Presentation 2: Sofia Celi & Jurren van Bergen (Centro de autonomia
digital) No evidence of communication: Off-the-record messaging protocol in
version 4 (OTRv4)

-       Comes out of an academic paper

-       Provides encryption w forward secrecy; authentication, deniability.

-       Different version

-       Other protocols drew inspiration for it (like signal)



Why version 4?

-       Deniability is crucial

-       Has a specification

-       Can find more info on the git repo



Mic open:

-  Work in IETF on MLS, how does it relate? A: MLS does not provide
deniability.

-  MLS wants to improve crypto, so it would seem that you have the same
security guarantees, maybe you want to have the same kind of scrutiny
applied to your stuff. We are an inspiration protocol.

- Can you explain what is message and participation deniability? A: it
means that no one can prove you participated and that nobody can prove that
you sent that message.

- MLS is agnostic on deniability currently. We would love to have your
participation in the MLS working group.





Presentation 3: David Oliver (Guardian Project) pluggable transport
(obfuscates the address and network flows, to prevent DPI.) Surveillance is
bad. Privacy is core to enabling human rights. Guardian Project focuses on
mobile operating systems.



DPI:

-       IP was to route, but routing data got weaponized.

-       DPI of traffic analysis, you can see the content of every packet in
your traffic

-       Encryption also adheres to recognizable patterns.

You can defend through obfuscation:

-       Service address

-       Content of the packet



What is suspicious develops fast and deployment of work should hence also
be faster = pluggable transports.



Mic open:

- Tensions between scale and half-life of mechanisms, the more successful
you are the quicker you will have to turn over. A: yes, we are on the
cutting edge and we expose a lot of problems so others can get involved.

- Could you make all of the normal things the same? A: good point, lets
talk offline.

-  Transport services working group might be relevant.

- Have you thought of use-cases where both end-points are compromised? How
do you detect anthrax and bombs (in the mail analogy). What about security
concerns and not just privacy? A: primarily, with the earlier version the
net-effect – we are not exposing anything that previously got exposed.
Let’s take it offline.

- What if you want to inspect traffic for child pornography? A: I can’t
speak for the implementers. There is a tension.


Presenter 4: Gunes Acar paper on Battery Status not included: assessing
privacy in web standards New web features lead to privacy concerns.

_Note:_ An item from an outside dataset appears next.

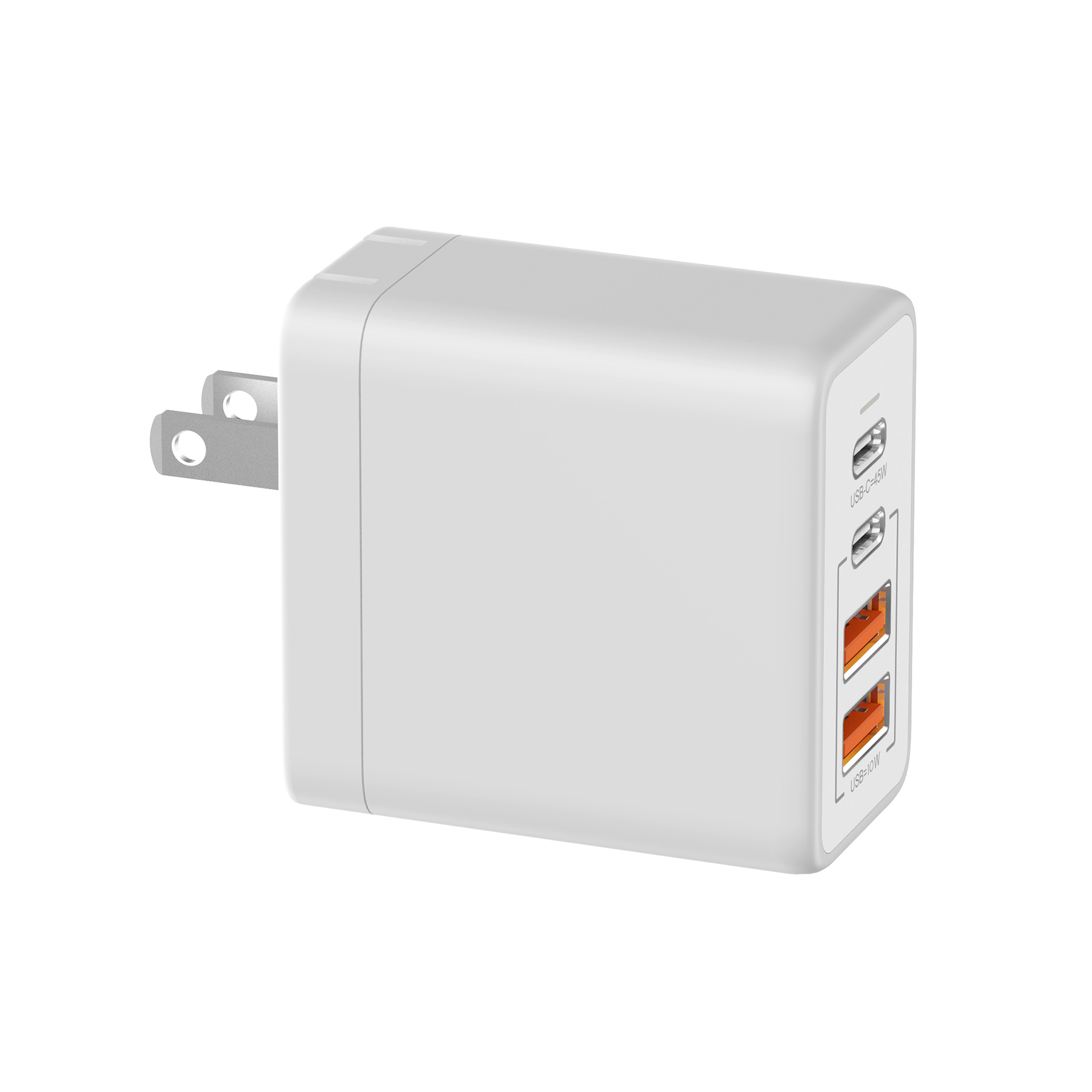 Item# RE1038 –  Keep your devices powered and your brand in focus with our 45W 4-Port Fast Charging Wall Charger. Equipped with two USB-C and two USB-A ports, it delivers up to 45W from a single USB-C port to quickly charge lightweight laptops, or 10W from USB-A ports for phones, tablets, and accessories. Its intelligent design distributes power efficiently to charge up to four devices at once from a single outlet. Built for convenience with a foldable travel-friendly plug and premium safety certifications, this compact charger is both reliable and versatile. The smooth surface provides generous space for your full-color logo, making it the perfect corporate gift to energize your brand and leave a lasting impression. Get a free quote now!
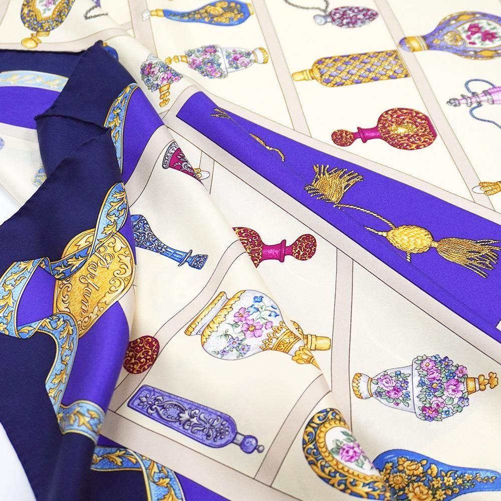香水瓶は1つ1つの瓶が丁寧に描きこまれた素敵なスカーフですよね。

W3C has a self-review questionnaire. Came out of the privacy interest group
(PING).



Battery status API introduced in 2011. New research shows multiple privacy
vulnerabilities.



Mic open:

- Recommendations on measurement are relevant. Participated in it 8 years
ago. I think this should not be standardized. Because there is no way of
having the info in the API without leaking. But drive in the W3C was very
strong. This is an important part of history on device API. Our threat
model understanding is better now but it remains a back-and-forth.

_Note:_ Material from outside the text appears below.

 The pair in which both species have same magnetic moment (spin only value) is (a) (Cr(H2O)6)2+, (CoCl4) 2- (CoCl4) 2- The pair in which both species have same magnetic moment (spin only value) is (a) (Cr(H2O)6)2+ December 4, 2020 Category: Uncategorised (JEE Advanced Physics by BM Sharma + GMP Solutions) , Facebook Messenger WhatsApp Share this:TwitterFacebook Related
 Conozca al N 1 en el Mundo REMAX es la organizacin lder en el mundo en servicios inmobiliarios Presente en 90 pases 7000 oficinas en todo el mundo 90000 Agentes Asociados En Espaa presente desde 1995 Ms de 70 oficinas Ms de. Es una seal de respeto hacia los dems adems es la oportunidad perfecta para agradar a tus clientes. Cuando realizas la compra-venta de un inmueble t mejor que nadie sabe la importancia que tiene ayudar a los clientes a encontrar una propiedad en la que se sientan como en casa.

- PING group is very happy with this research. Security and privacy
questionnaire in W3C is currently being updated. We need people to get
involved in the work. We should reach out early.

-Implicit assumption in this work that API enable this kind of
fingerprinting are bad, but that’s not the consensus of the browser
vendors. It is not practical to prevent it in many cases.